People sometime refer to the Korean War as the forgotten war, but I want to take a moment to thank people for taking the time to remember those who lost their lives in that and other wars on this Memorial Day.
My uncle, Bill O’Donnell, was killed in Korea in 1951. He was a great athlete who played baseball and football at The Manlius School in New York and at Seton Hall University.
On Memorial Day in 2000 an article was published by Bill McGurn in the Wall Street Journal:
He and his wife had only been in Madison two years. His wife had a copy of “Always With Us” about the young men who gave their lives in various wars. Mr. McGurn spent ten years in Asia and came across many soldiers and visited many cemeteries there–Vietnam, Korea, Japan. He was very personally conscious of the sacrifices and final resting places of these men. He and his wife were struck by discovering in the book the fact that Bill O’Donnell had lived in their house–to find a face linked to that address. They never met the O’Donnell family, and he imagined that sad telegram that every soldier’s mother knows about even before she opens the content. He then wrote the article as a tribute to the men and families that sacrificed in a town such as Madison.
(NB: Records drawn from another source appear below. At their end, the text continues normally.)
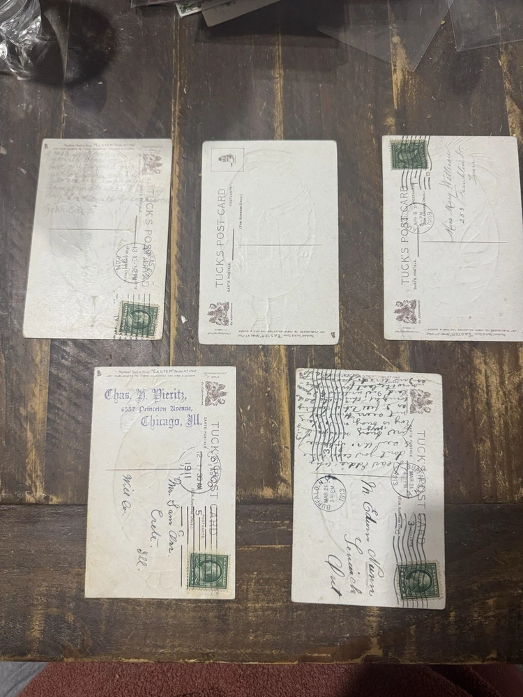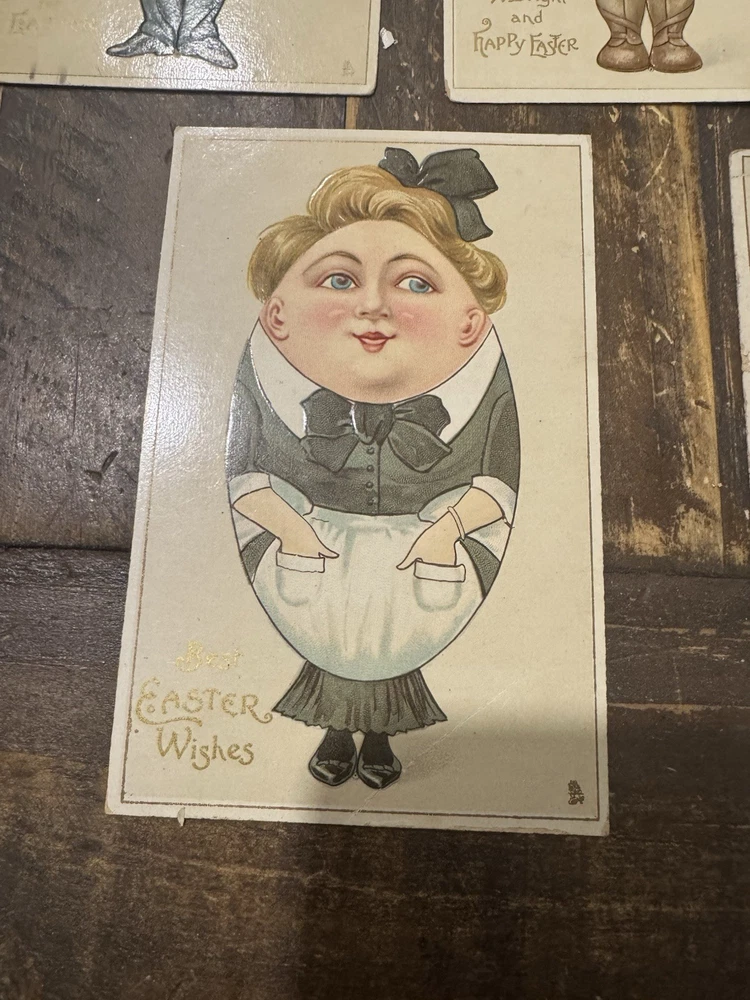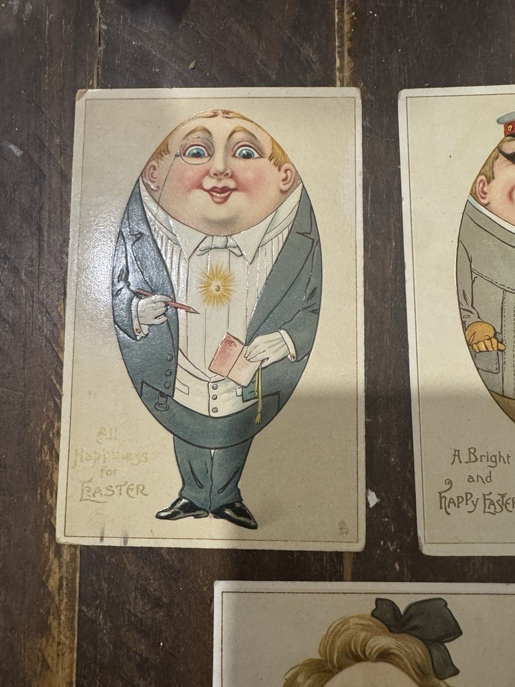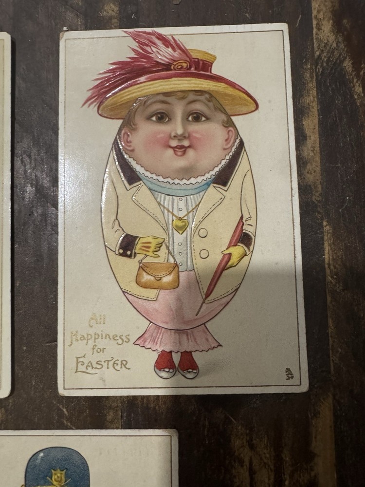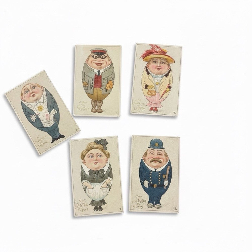 Lot of 5 original vintage Easter lithograph postcards featuring Humpty Dumpty style egg people characters. Standard size 5.5 x 3.5 in on paper. Embossed raised detailing with printed Easter greetings. Sold as one lot of five postcards. Pre-owned condition. Keywords: vintage Easter postcards, Humpty Dumpty, egg people characters, embossed postcards, lithograph postcard, holiday postcard lot, novelty humor postcards, antique Easter ephemera, collectible postcards, Easter greetings, paper postcards, postcard set of 5, seasonal decor, Victorian style postcard, retro holiday cards Details: • Occasion: Easter • Subject: Humpty Dumpty Egg People Characters • Theme: Easter, Holiday, Humor, Novelty • Unit of sale: Postcard Lot • Type: Printed (Lithograph) • Original/licensed reprint: Original • Features: Embossed, Vintage, Lot • Number of items in set: 5 • Material: Paper • Character: Humpty Dumpty • Size: Standard (5.5 x 3.5 in) • Unit quantity: 5 • Unit type: Unit - [ ] Unique & Vintage Items You’ll Love ✨ - [ ] Welcome! I’m so glad you’re here 💛 - [ ] My shop is full of great finds—from vintage and antique treasures to modern styles. - [ ] I add new items eve
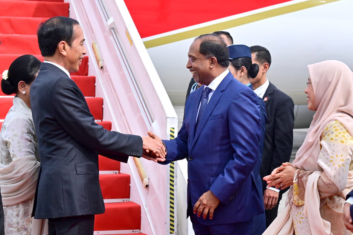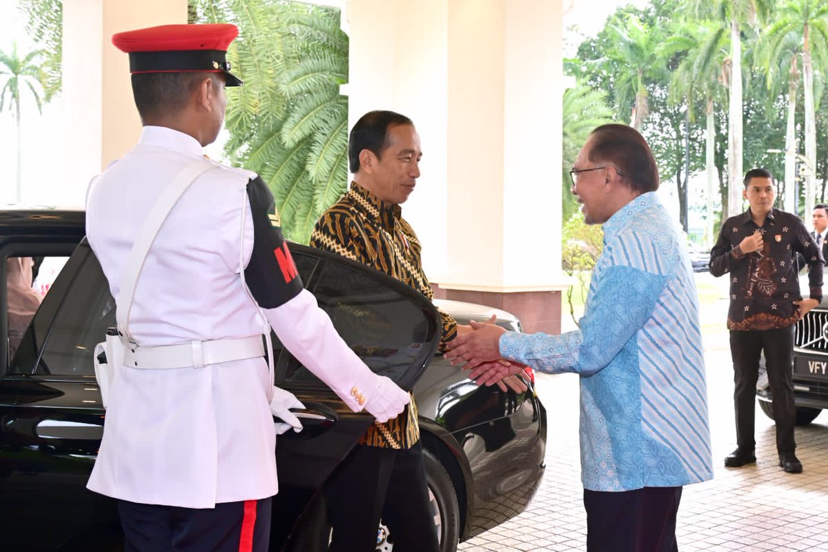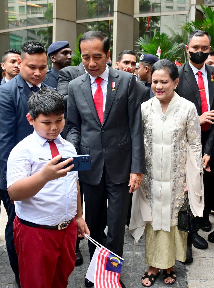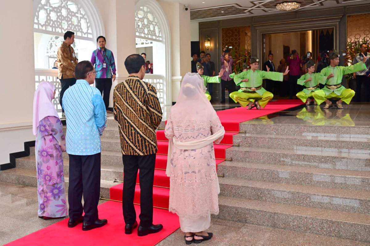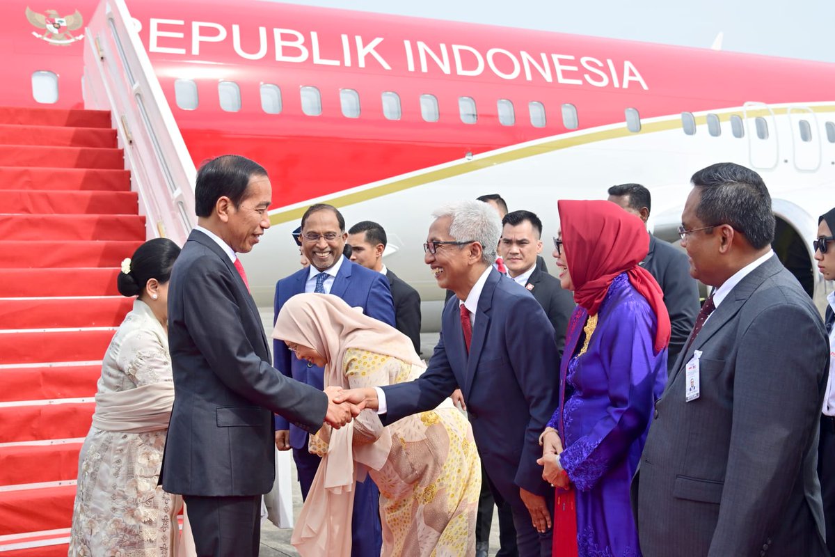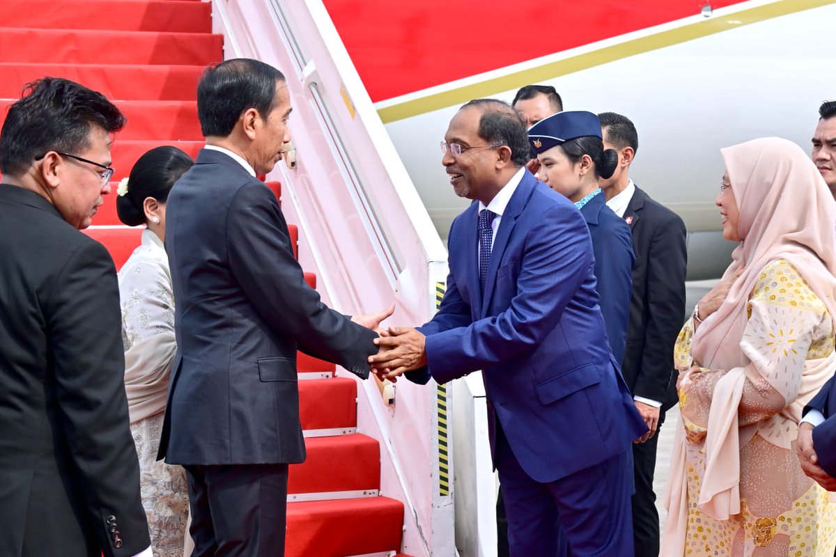 Tiba sekitar pukul 10.00 waktu setempat, Presiden Jokowi dan Ibu Iriana disambut langsung oleh PM Anwar dan Dato’ Seri Wan Azizah.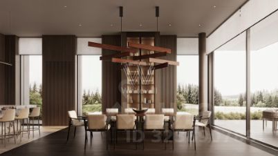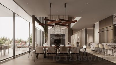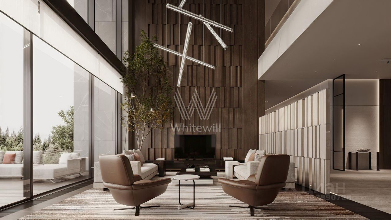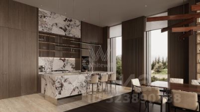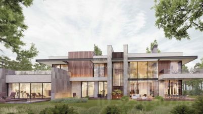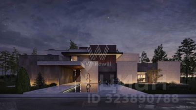 Николино. Загородная резиденция площадью 1181 м² расположена на участке 35 соток. Современный фасад с панорамными окнами, оформленный в сдержанных серых тонах, облицован доломитом, керамогранитом и панелями с фактурой дерева. Свободная планировка дома позволяет организовать пространство по собственному усмотрению. Дополнительно предусмотрена возможность реализации дизайн-проекта от застройщика.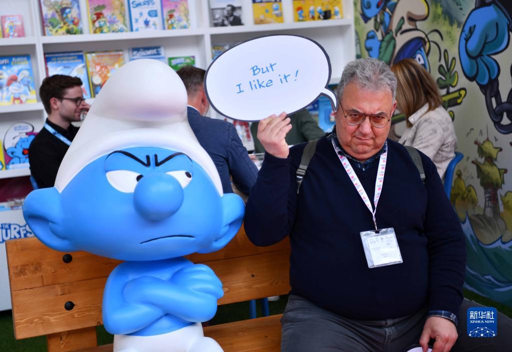 3月7日,參觀者在意大利博洛尼亞國際兒童書展上與卡通玩偶合影。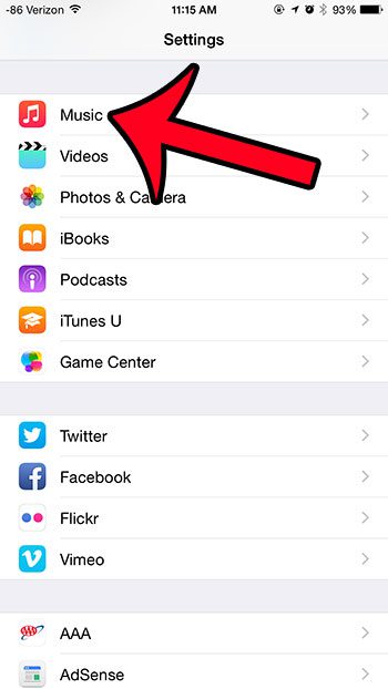 Passo 2: Role para baixo e selecione oMúsicaopção.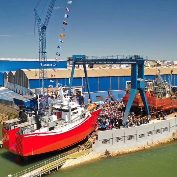 “Este es el octavo barco de esta nueva generación que botamos en poco más de 2 años. Todos los anteriores han tenido un desempeño excelente, con campañas de pesca exitosas y clientes satisfechos. Algunos dudaban que la renovación de la flota pesquera era posible y estamos demostrando que se puede concretar con buques de primera línea, diseñados y construidos por argentinos” y agregó: “Pero lamentablemente la alegría no es completa. Con lo que hemos producido, tanto los trabajadores como la propia empresa deberíamos estar muchísimo mejor de lo que estamos. El esfuerzo que hemos hecho para lograr estas botaduras y no detener inversiones como las de la nueva nave industrial es enorme. Hemos perdido dinero trabajando, nos hemos descapitalizado y nos hemos endeudado, pero lo que aún no perdemos es la esperanza”. También dejó Contessi esta reflexión: “Si el Astillero y el Armador nos hubiéramos puesto a hacer un costeo mensual, no habríamos llegado a esta botadura y su construcción se habría interrumpido tal como se han frenado otros proyectos. Este barco se bota sin contrato, sin precio. ¿Se entiende ahora la profesión de FE en el País por parte del Astillero y de la empresa armadora que implican este tipo de emprendimientos?”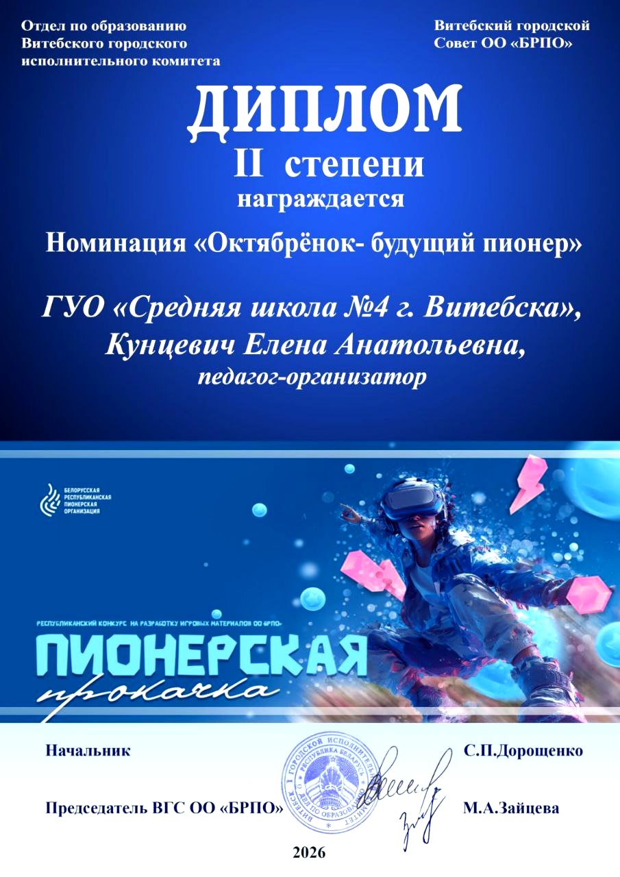 29.01.2026Поздравляем Кунцевич Е.А., педагога-организатора нашей школы, с заслуженной победой в республиканском конкурсе на разработку игровых материалов ОО «БРПО» «Пионерская прокачка» в номинации «Октябренок — будущий пионер»!
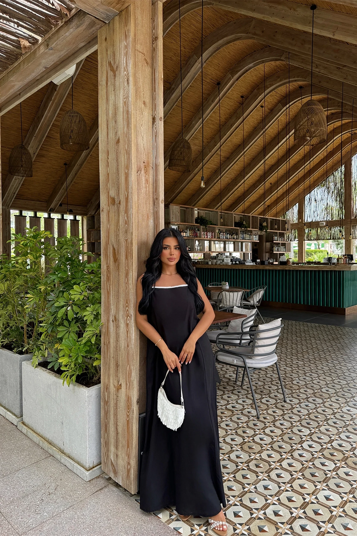 Black Amanda Long Dress Made from Linen Fabric Image size S is used Dress Length:140cm Bust:47cm Waist:54cm Model Measurements: Height: 160 Weight: 50 Chest: 80 Waist: 62 Hip: 94

The article was so powerful that the Mayor of Madison then sent it to the mayor of Morristown, NJ and others to try to get the Morristown Armory named after my uncle. Through the help of people my family has never met, my uncle was honored 50 years after his death on Sept. 20, 2001 with the naming of a the Heritage Room at the armory after him.
This month my father was contacted by the Manlius-Pebble Hill School (fomerly Manlius School) to let him know that the school will be having a dedication this June for his brother and other students that were killed in the Korean and Vietnam Wars and were never honored. I am once again amazed that after so many years people still remember and honor those who have given up their lives for this country.
On this Memorial Day take some time to think about all of those who have been lost and know that you can have a large impact on preserving their memory.